En bref
- 678 000 contribuables touchés au minimum
- Sébastien Lecornu réunit une cellule de crise
- Le débat sur les failles de l’État repart
Sébastien Lecornu réunit lundi 17 août 2026 une cellule interministérielle de crise après le piratage massif ayant visé l’administration fiscale. La réunion doit se tenir l’après-midi, en visioconférence sécurisée, au retour du chef du gouvernement de Gironde, où il se rend le matin auprès des victimes des incendies de l’été.
L’exécutif veut surtout encadrer la phase la plus sensible, l’information des particuliers et des entreprises concernés.
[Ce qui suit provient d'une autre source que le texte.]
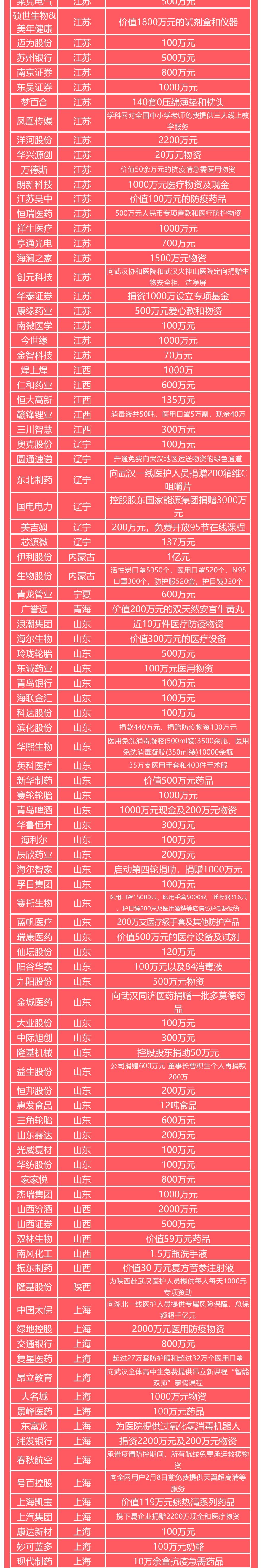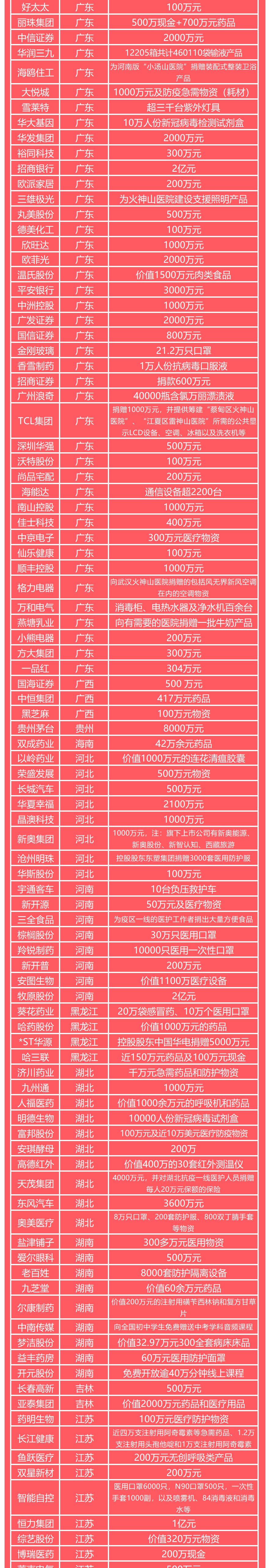 有钱出钱,有力出力,有物出物,是上市公司驰援疫情的标准注脚。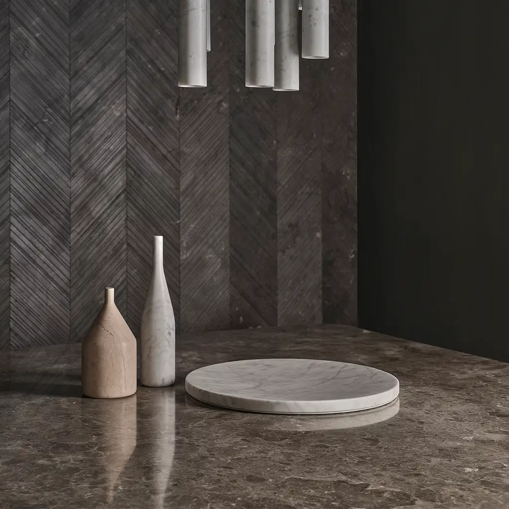 Entranced by the simple forms of Giorgio Morandi's still life paintings, designer Elisa Ossino's sculptural work brings to life two-dimensional elegance. A classically inspired bottle shape crafted out of white Carrara marble, the cylindrical base elegantly tapers into a fluted neck and mouth. Delicate gray veining and striations gracefully dance around the bottle's sinuous silhouette for a stunning visual effect. Featured alone or with other sculptures from the same collection, this work will transform any decor.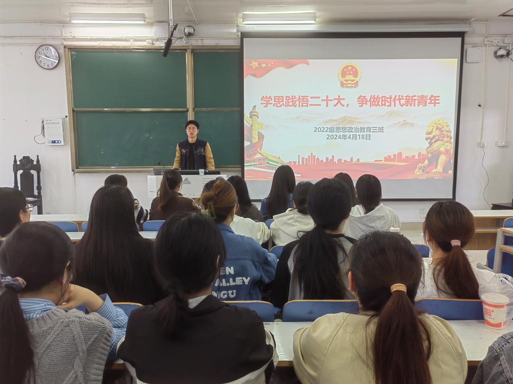 学习新思想,迈进新征程。为全面学习贯彻党的二十大精神,4月18日上午,2026年世界杯官网2022级思想政治教育三班在社科楼514教室召开“学思践悟二十大,争做时代新青年”主题团课。2022级思想政治教育三班全体成员共同参与团课,团课由团支书余浩洋主持。

Les services de Matignon indiquent que les usagers touchés seront contactés individuellement à partir de lundi, avec le détail des données possiblement exposées et les précautions à prendre.
Une réunion de crise convoquée dès lundi
Cette réunion doit rassembler les principaux ministères concernés. Elle s’inscrit dans la même mécanique que d’autres cellules de crise activées ces dernières semaines par Sébastien Lecornu, notamment pendant les canicules.
Les services du Premier ministre rappellent leur ligne sur ce type d’incident, détecter et interrompre, poursuivre, informer, puis renforcer. Dit autrement, la priorité est double, contenir les effets immédiats et préparer la suite.
Des centaines de milliers de contribuables concernés
Le chiffre avancé par la Direction générale des finances publiques est lourd, au moins 678 000 contribuables. Pour les particuliers, Amélie Verdier, directrice générale des finances publiques, a détaillé des données comme les noms, prénoms, le revenu fiscal de référence, le quotient familial ou encore le taux de prélèvement à la source.
Pour les entreprises, les informations évoquées sont présentées comme moins sensibles. Il s’agit notamment du numéro Siren, de l’adresse de l’entreprise ou de celle du mandataire. Amélie Verdier a aussi reconnu une attaque plus sophistiquée que celles déjà rencontrées.
Enquête judiciaire et débat sur les failles de l’État
Le parquet de Paris a ouvert samedi une enquête pour extraction frauduleuse de données et association de malfaiteurs. Mais l’affaire dépasse déjà le seul terrain judiciaire.
Parce qu’elle relance les questions sur la cybersécurité de l’État. Ce printemps, l’Insee et l’Agence nationale des titres sécurisés avaient déjà été visés, tout comme le ministère de l’Éducation nationale. Autre point qui crispe, le calendrier. Le piratage remonte à juin, alors que la communication publique de Bercy n’est intervenue qu’après la revendication du vol par le hacker la semaine dernière.
Commission d’enquête et promesse de renforcement
Au Sénat, les socialistes demandent une commission d’enquête parlementaire. Patrick Kanner estime qu’il faut vérifier l’existence de vulnérabilités communes et, si besoin, proposer des évolutions législatives, réglementaires, budgétaires ou d’organisation.
Sur X, Bruno Retailleau a regretté que la France soit « le 2e pays au monde le plus touché par les cyberattaques » et promet un plan « Vauban » pour bâtir une « forteresse numérique ». De son côté, Matignon assure que la réunion de lundi servira aussi à faire le point sur le plan de sécurisation lancé le 30 avril, adossé à une nouvelle gouvernance numérique de l’État et à des moyens renforcés.